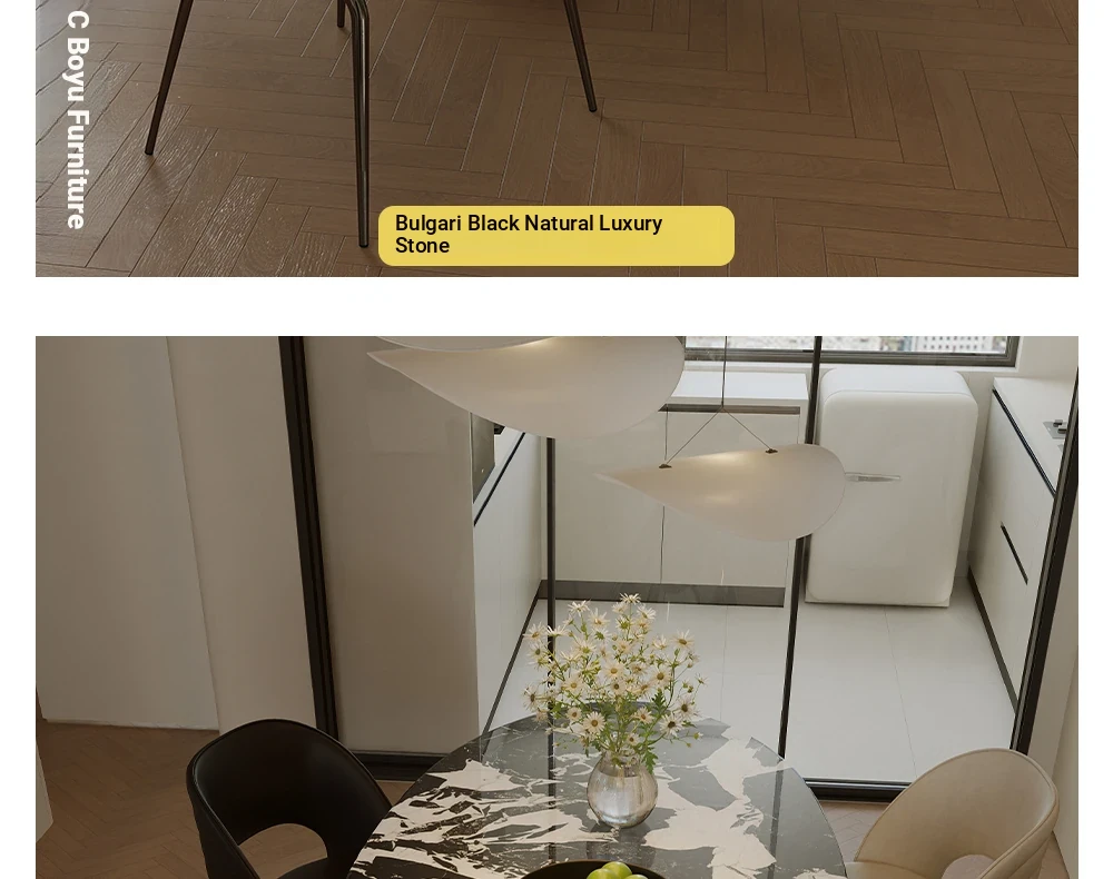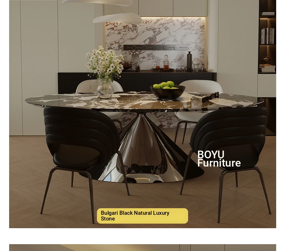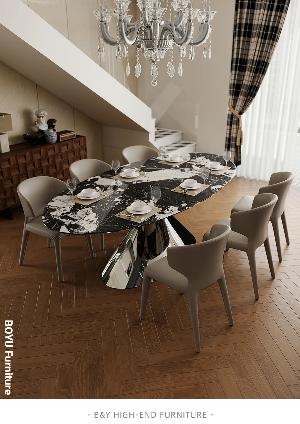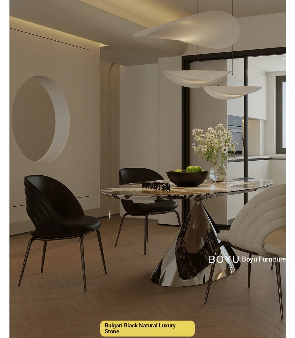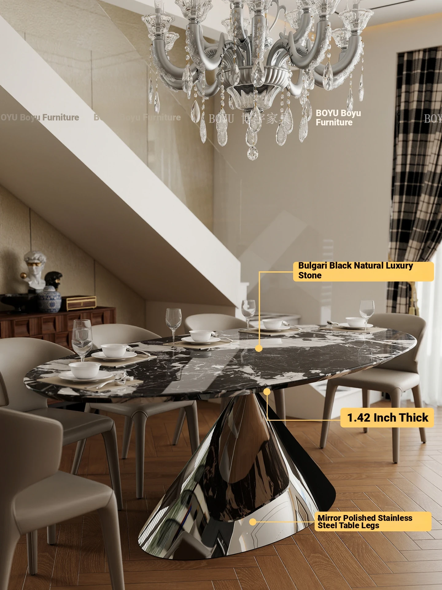 Boya Furniture / Imported Natural Luxury Stone Dining Table - Bulgari Black Italian High-End / Designer Marble Table for Elegant Dining Experience
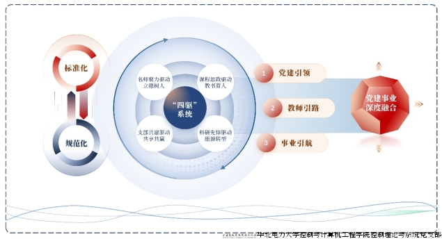 坚持以习近平新时代中国特色社会主义思想为指导,深入学习贯彻习近平总书记关于教育的重要论述,深入学习贯彻党的二十大精神,持续提升党支部标准化、规范化建设水平,全面构建支部共建驱动共享共赢、名师聚力驱动立德树人、课程思政驱动教书育人、科研先锋驱动能源转型的“四驱”系统,不断强化党建引领、教师引路、事业引航的“三引”功能,继续促进党建与事业实现高质量、特色化协同发展,把党支部建设成为制度完善、活动规范、作用突出、特色鲜明的“两化四驱三引一融合”样板党支部。
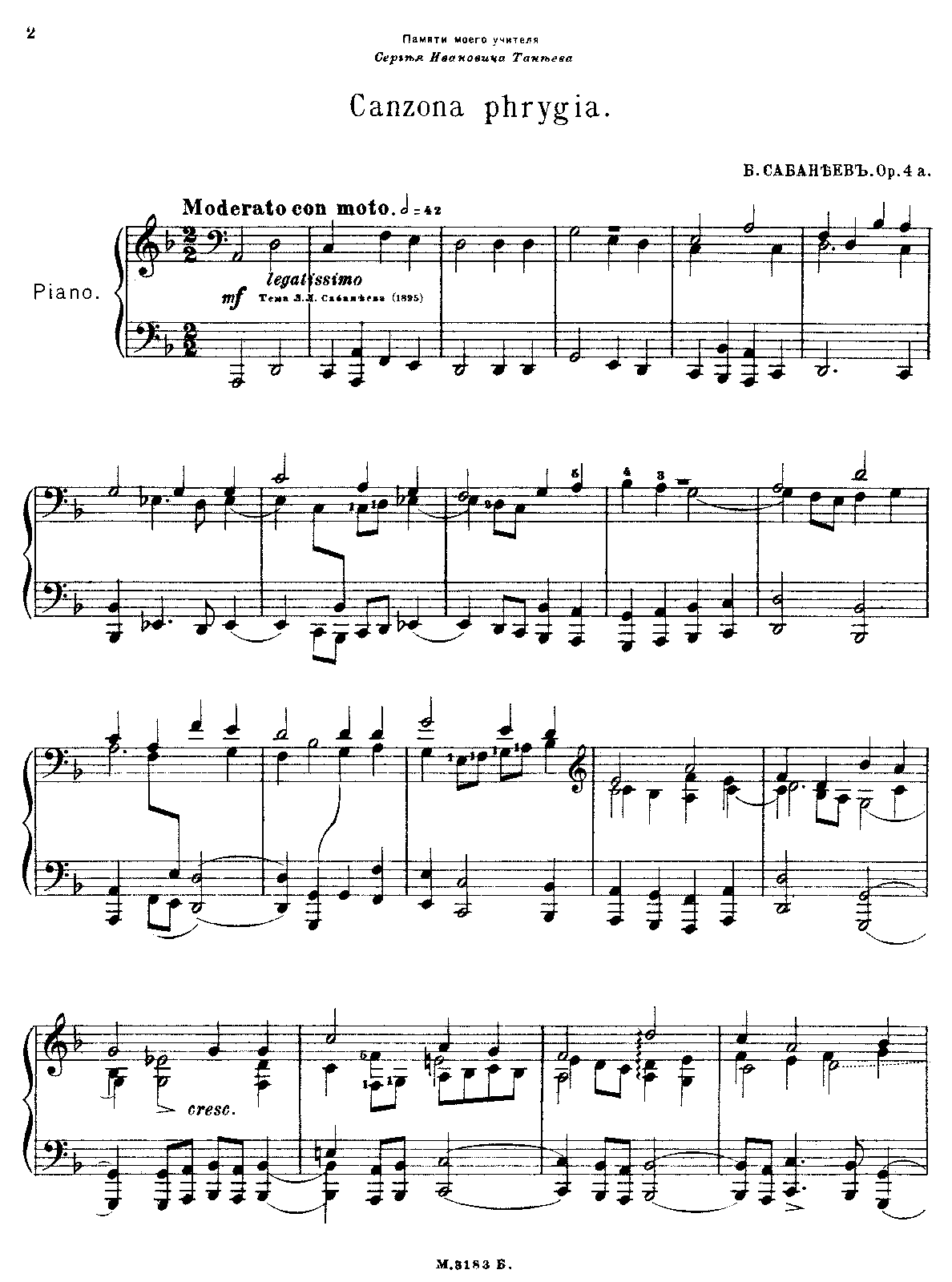 | Dedication | Sergey Taneyev |
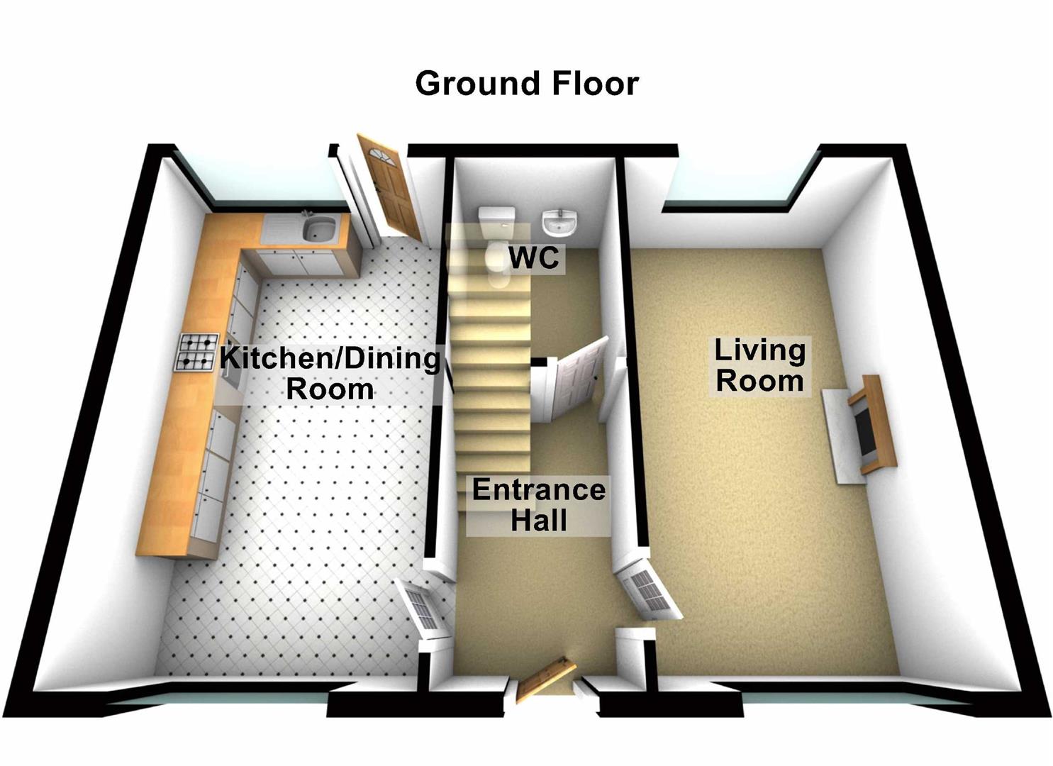 The property comprises living room, kitchen with dining area, downstairs w.c, three bedrooms and a family bathroom. Outside the property further benefits from an enclosed rear garden laid out in artificial grass.
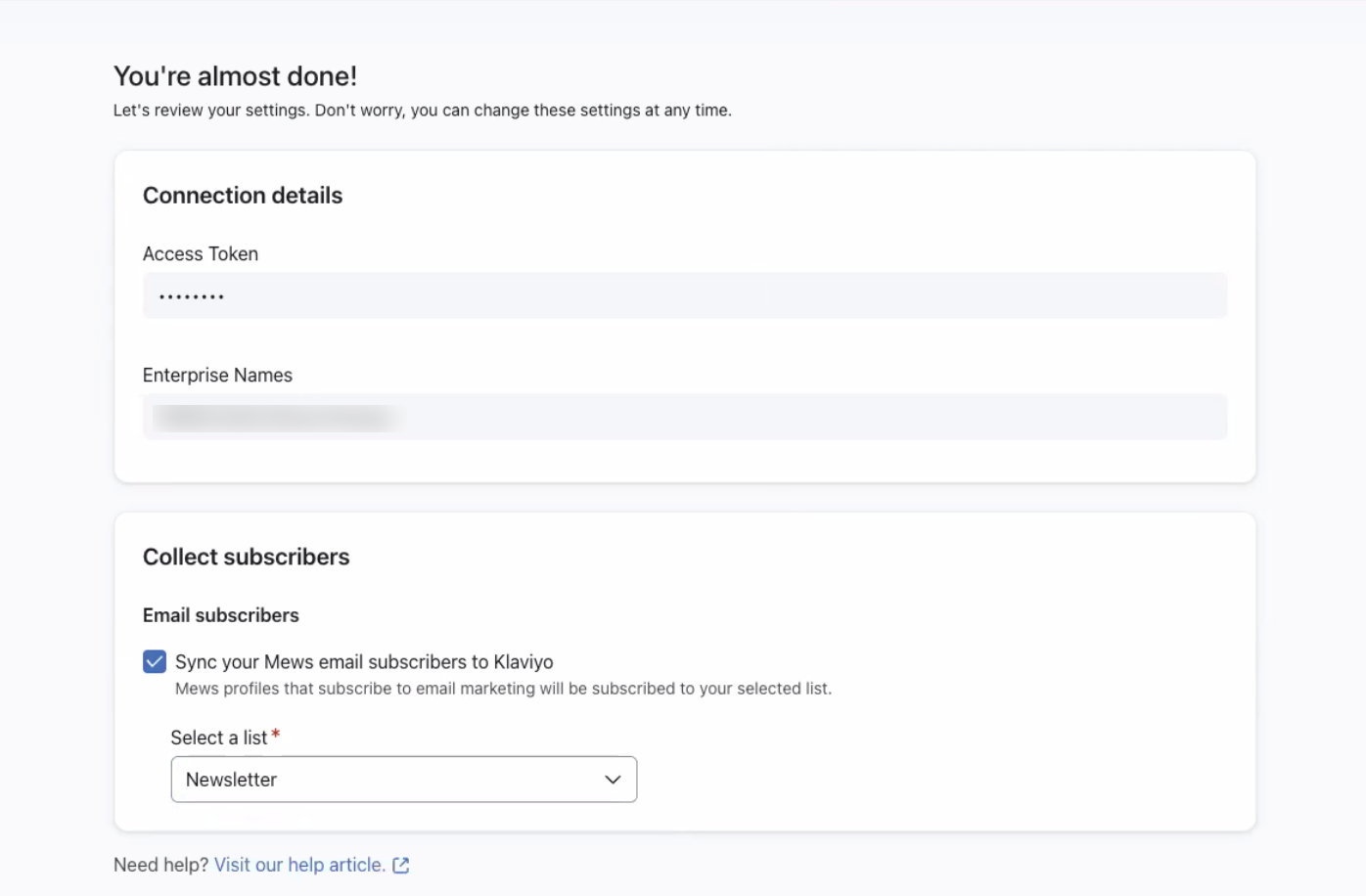 Vink op de volgende pagina het vakje Synchroniseer je Mews e-mail abonnee met Klaviyo aan als je dat wilt.
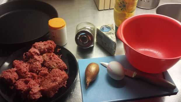 del derretimiento en la boca, bondad de ajo queso!!!!!!Paso 1: Lo que se necesita2 libras de pavo molido o hamburguesa7 tiras de tocino de pavo o tocino en rodajas gruesamigas de pan o 1 taza de avena normal2 huevos1/2 taza de cebolla rojaSemillas de

What the task requires: Retype exactly. Include each line from the start of the material through the line holding "Sergey Taneyev |", and leave the pictures out.

Answer box:
 Boya Furniture / Imported Natural Luxury Stone Dining Table - Bulgari Black Italian High-End / Designer Marble Table for Elegant Dining Experience
 坚持以习近平新时代中国特色社会主义思想为指导,深入学习贯彻习近平总书记关于教育的重要论述,深入学习贯彻党的二十大精神,持续提升党支部标准化、规范化建设水平,全面构建支部共建驱动共享共赢、名师聚力驱动立德树人、课程思政驱动教书育人、科研先锋驱动能源转型的“四驱”系统,不断强化党建引领、教师引路、事业引航的“三引”功能,继续促进党建与事业实现高质量、特色化协同发展,把党支部建设成为制度完善、活动规范、作用突出、特色鲜明的“两化四驱三引一融合”样板党支部。
 | Dedication | Sergey Taneyev |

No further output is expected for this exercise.